If you've read this far but are yawning, thinking that hardly ever do you, yourself, have occasion to use complex logic to generate a sequence of numbers in the programs that you write, well hang on and see what else generators are good for.

Igor Vasilcovsky recently pointed out to me an interesting tutorial from David Beazley about generators. The meat is the slide deck under the presentation link on that page. Even with 2 slides to a page, that slide set runs to 79 pages so it probably is too much to absorb in one sitting. So try to work through it in several sessions. Here's my summary of the key elements I think you should get from wading through that presentation:

  1. A generator can return any kind of Python object. That is, it isn't limited to returning the numbers of a sequence. If you paid close attention to my Pythonic Python from July, 2013, you may remember that one of the points I made there was that Python functions can return large complex objects, not limited to just a number or just a pointer. Better still, Python takes care of the book keeping to automatically garbage collect the returned object if you are no longer using it.

    Beazley has examples with a generator returning strings (lines from log files), and then takes an unexpected turn to have the generator parse the strings into values and stash the values into a dictionary with a name for each value and then return the resulting dictionary as the generator's output. (A dictionary per line of the log file!) My initial reaction to that was to be horrified at the overhead, but if you think about it, looking up a name in a dictionary is quite central to Python's run time modus operandi, so dictionary objects being generated is perhaps more general than generating some more specific Python class object, and looking up values by name is pretty much the same as using a name of a member of a class object to get to a value in the class object.
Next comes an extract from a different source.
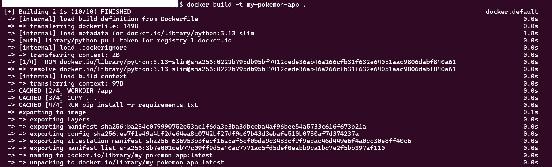 docker build -t my-pokemon-app .As you can see in the image, the image is ‘built’ here but python file is yet to be executed. Now that this image has been built, lets run the image to get our results.

So given that Python is able to get decent performance from run-time interpretive execution, generating dictionaries is a lot more sensible then my initial gut reaction took it to be.
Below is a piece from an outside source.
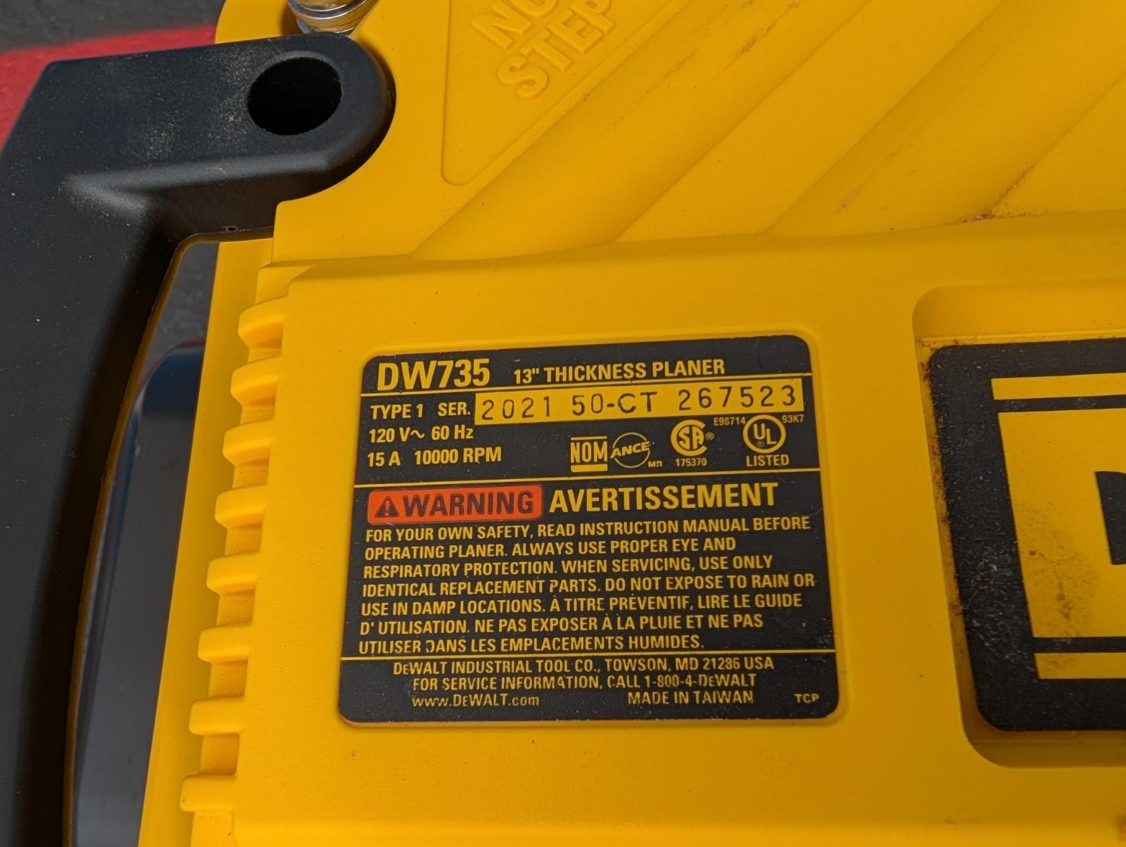 DeWalt DW735 13" Three Knife 2-Speed Thickness Planer 15 Amp Corded

  2. A generator is just Python software so it can do anything that any Python software might want to do to provide the next value in the sequence. It can compute the next value using a formula, or it could access a file to learn the next value. It is even able to make use of another generator to get an input sequence that it manipulates and passes along. So generators can be chained together into long pipelines.
  3. If your program is basically about iterative processing of a series of stuff, then chaining together pipelines of generators can fundamentally shape a clean structure for your program and with a little practice you'll soon have a collection of useful reusable filters that you can use to construct future programs that you haven't even thought of yet. Share them with your friends. If you own the code, consider making it (and it's documentation) GPL licensed and freely shared on Github or some other such public place.
I'm seeing hints on the Internet that future Python releases will have even more use of generators. e.g. standard approaches built in to the language to process streams of events. e.g. Brett Cannon's 40 minute talk: "Python 3.3: Trust me, it is better than 2.7". He foreshadows a Guido Van Rossum talk about Python 3.4 scheduled for that same conference. If you can find a link to a video of Guido's talk about 3.4 and new roles for generators, please share it in the comments section here.